Общее впечатление, оставшееся во мне после этой беседы, следующее. В замыслах Сперанского не было ничего преступного и, в юридическом смысле, государственно-изменнического, но было что-то предательское в личных отношениях Сперанского к Государю. Неограниченная доверенность Александра не встречала в любимце и сподвижнике его полной взаимности. Напротив, могла встретить она поползновение употребить, если не во зло, то, нередко, через край, эту царскую доверенность. Кажется, не подлежит сомнению, что в окончательных целях не было единства между императором и министром; сей последний хотел идти далее и в особенности скорее. С другой стороны, в приятельских разговорах, чуть ли даже не в переписке, пускаемы были шутки, насмешливые прозвища, заимствованные, между прочим, из сказок Вольтера. Все это, когда сделалось известным, не могло не иметь прискорбного отголоска в чувствах государя. Несколько мнительный и, при всей кротости своей, самолюбивый Александр чувствовал себя нравственно и лично оскорбленным в этом тайном неуважении к нему Сперанского. В этом мог он видеть даже предательство и, во всяком случае, имел полную причину признать это неблагодарностью. Прибавьте к тому почти общее недовольство при оглашении государственных мер, вымышляемых Сперанским, неудовольствие, имевшее в Карамзине красноречивого обличителя, а в Великой княгине Екатерине Павловне, в графах Растопчине и Армфельдте, в Балашове и, может быть, во многих других, – деятельных и сильных и уже не просто теоретических поборников; примите притом в соображение, что на Россию надвигалась туча, разразившаяся грозой 1812 года, и известны были наполеоновские и вообще французские сочувствия Сперанского; совокупите все эти обстоятельства, подведите их под один итог, и тогда, если еще не вполне, то по крайней мере несколько объяснится и оправдается неожиданное и всех изумившее падение могучего счастливца.
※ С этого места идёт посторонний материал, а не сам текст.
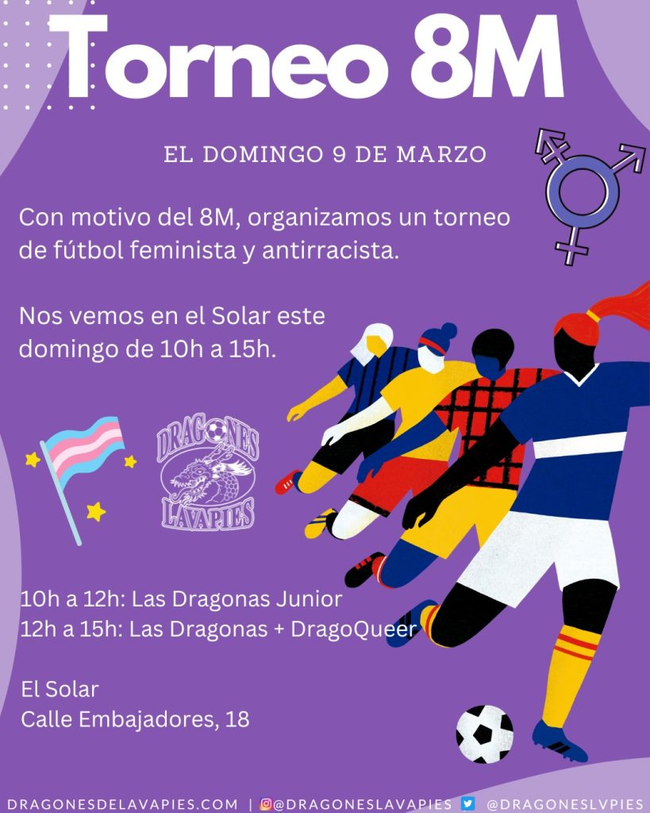 Dentro de la misma celebración local del 8M, Dragonas de Lavapiés ha organizado dos torneos deportivos feministas y antirracistas para la mañana del domingo, día 9.

В рассказе своем Магницкий живописно изображал некоторые подробности этого падения и роковой аудиенции, на которой совершился разрыв. Сперанский прямо из дворца отправился к Магницкому, чтобы уведомить его о случившемся, но у подъезда дома, им занимаемого, узнал он, что Магницкий вывезен был под полицейским надзором. Не мудрено было догадаться ему, что та же участь ожидает и его. Подъехав к себе и выходя из кареты, увидел он, через окно, силуэтку Балашова, которая рисовалась на стене кабинета его: подлинные слова, сказанные Магницким, который, вероятно, передавал их из письма к нему Сперанского.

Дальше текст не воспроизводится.